» About this exercise
Transcribe exactly, please, the lines from the one containing "- Double Anti-oil" through the end of the records below, and leave out the pictures.
Segment Start: Records shown
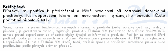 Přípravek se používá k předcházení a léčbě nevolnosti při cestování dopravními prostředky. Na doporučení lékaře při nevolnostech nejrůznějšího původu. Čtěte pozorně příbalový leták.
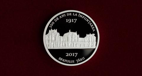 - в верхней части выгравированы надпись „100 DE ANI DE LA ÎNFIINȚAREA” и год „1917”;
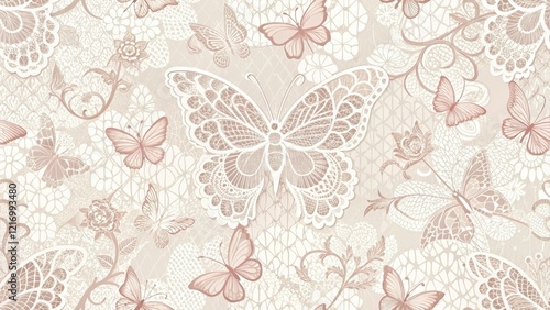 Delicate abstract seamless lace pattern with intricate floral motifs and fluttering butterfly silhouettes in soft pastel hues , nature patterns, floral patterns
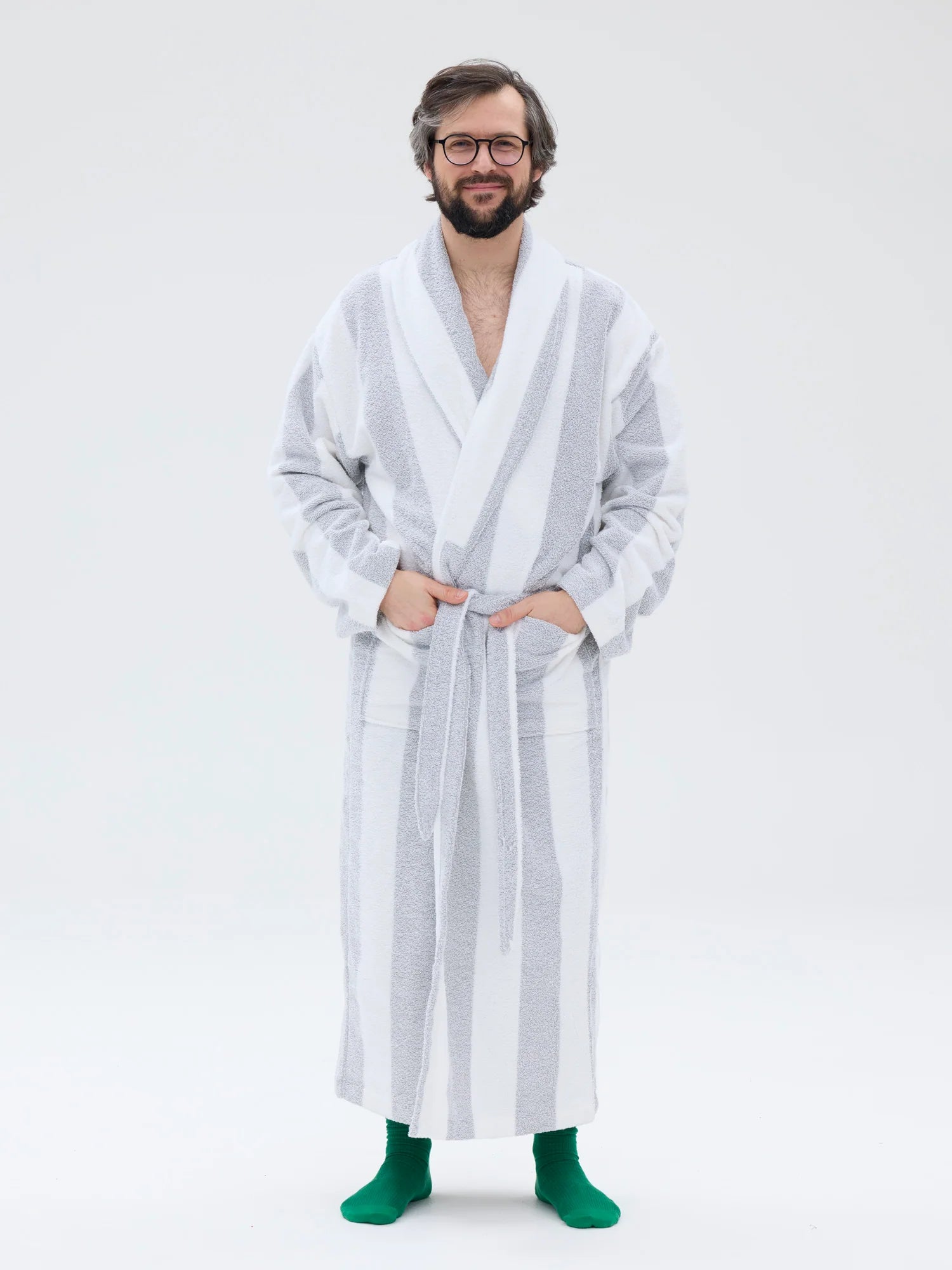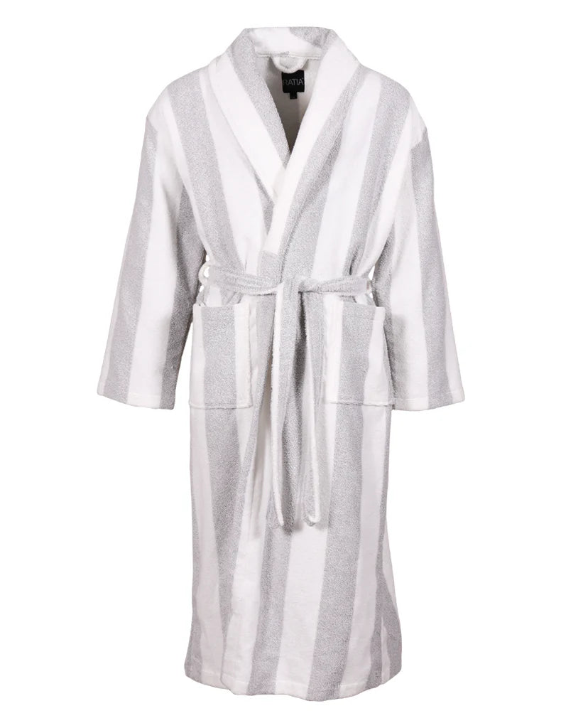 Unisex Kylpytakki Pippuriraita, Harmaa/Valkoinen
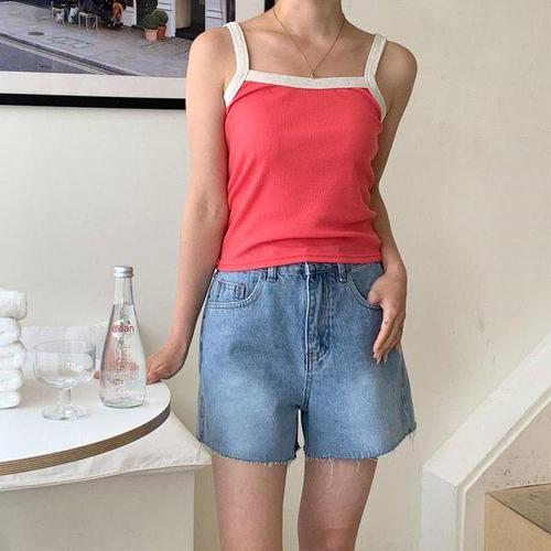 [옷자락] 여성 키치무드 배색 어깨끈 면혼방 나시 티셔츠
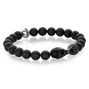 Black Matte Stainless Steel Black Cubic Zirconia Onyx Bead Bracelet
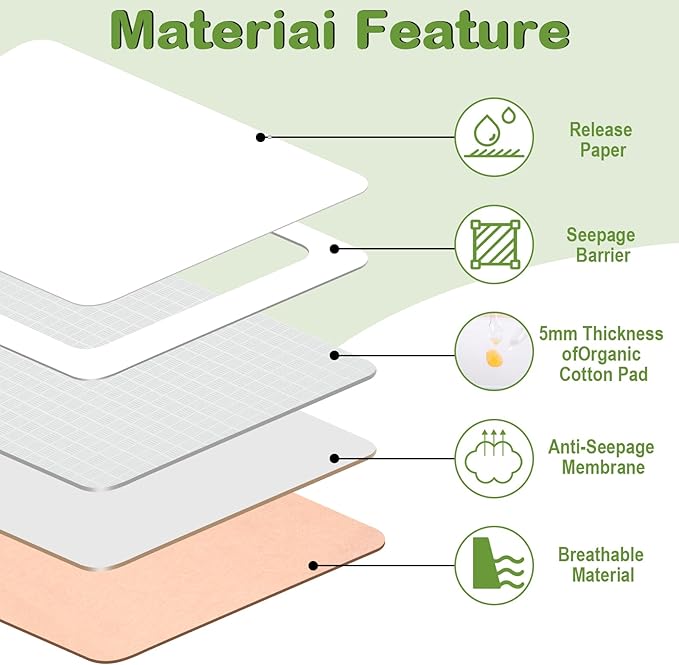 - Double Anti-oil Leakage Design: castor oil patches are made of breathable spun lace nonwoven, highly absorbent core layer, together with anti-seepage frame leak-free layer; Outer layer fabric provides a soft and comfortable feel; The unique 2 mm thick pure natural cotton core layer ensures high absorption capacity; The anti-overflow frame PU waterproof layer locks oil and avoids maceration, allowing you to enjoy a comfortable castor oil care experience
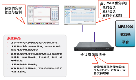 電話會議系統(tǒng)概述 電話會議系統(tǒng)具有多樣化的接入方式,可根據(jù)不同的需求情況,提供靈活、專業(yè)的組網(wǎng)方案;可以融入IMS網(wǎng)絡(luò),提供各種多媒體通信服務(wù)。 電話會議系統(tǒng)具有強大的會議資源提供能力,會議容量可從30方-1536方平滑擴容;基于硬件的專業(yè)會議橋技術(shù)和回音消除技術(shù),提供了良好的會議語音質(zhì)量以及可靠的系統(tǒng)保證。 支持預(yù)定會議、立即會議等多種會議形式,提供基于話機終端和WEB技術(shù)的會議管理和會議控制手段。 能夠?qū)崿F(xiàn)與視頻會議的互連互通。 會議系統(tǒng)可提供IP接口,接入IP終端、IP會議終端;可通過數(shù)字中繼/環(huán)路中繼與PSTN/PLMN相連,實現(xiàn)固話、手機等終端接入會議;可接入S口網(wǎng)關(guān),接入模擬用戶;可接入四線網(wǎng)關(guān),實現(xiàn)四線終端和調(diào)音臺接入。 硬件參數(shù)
Segment End: Records shown
» Task answer
 - Double Anti-oil Leakage Design: castor oil patches are made of breathable spun lace nonwoven, highly absorbent core layer, together with anti-seepage frame leak-free layer; Outer layer fabric provides a soft and comfortable feel; The unique 2 mm thick pure natural cotton core layer ensures high absorption capacity; The anti-overflow frame PU waterproof layer locks oil and avoids maceration, allowing you to enjoy a comfortable castor oil care experience
 電話會議系統(tǒng)概述 電話會議系統(tǒng)具有多樣化的接入方式,可根據(jù)不同的需求情況,提供靈活、專業(yè)的組網(wǎng)方案;可以融入IMS網(wǎng)絡(luò),提供各種多媒體通信服務(wù)。 電話會議系統(tǒng)具有強大的會議資源提供能力,會議容量可從30方-1536方平滑擴容;基于硬件的專業(yè)會議橋技術(shù)和回音消除技術(shù),提供了良好的會議語音質(zhì)量以及可靠的系統(tǒng)保證。 支持預(yù)定會議、立即會議等多種會議形式,提供基于話機終端和WEB技術(shù)的會議管理和會議控制手段。 能夠?qū)崿F(xiàn)與視頻會議的互連互通。 會議系統(tǒng)可提供IP接口,接入IP終端、IP會議終端;可通過數(shù)字中繼/環(huán)路中繼與PSTN/PLMN相連,實現(xiàn)固話、手機等終端接入會議;可接入S口網(wǎng)關(guān),接入模擬用戶;可接入四線網(wǎng)關(guān),實現(xiàn)四線終端和調(diào)音臺接入。 硬件參數(shù)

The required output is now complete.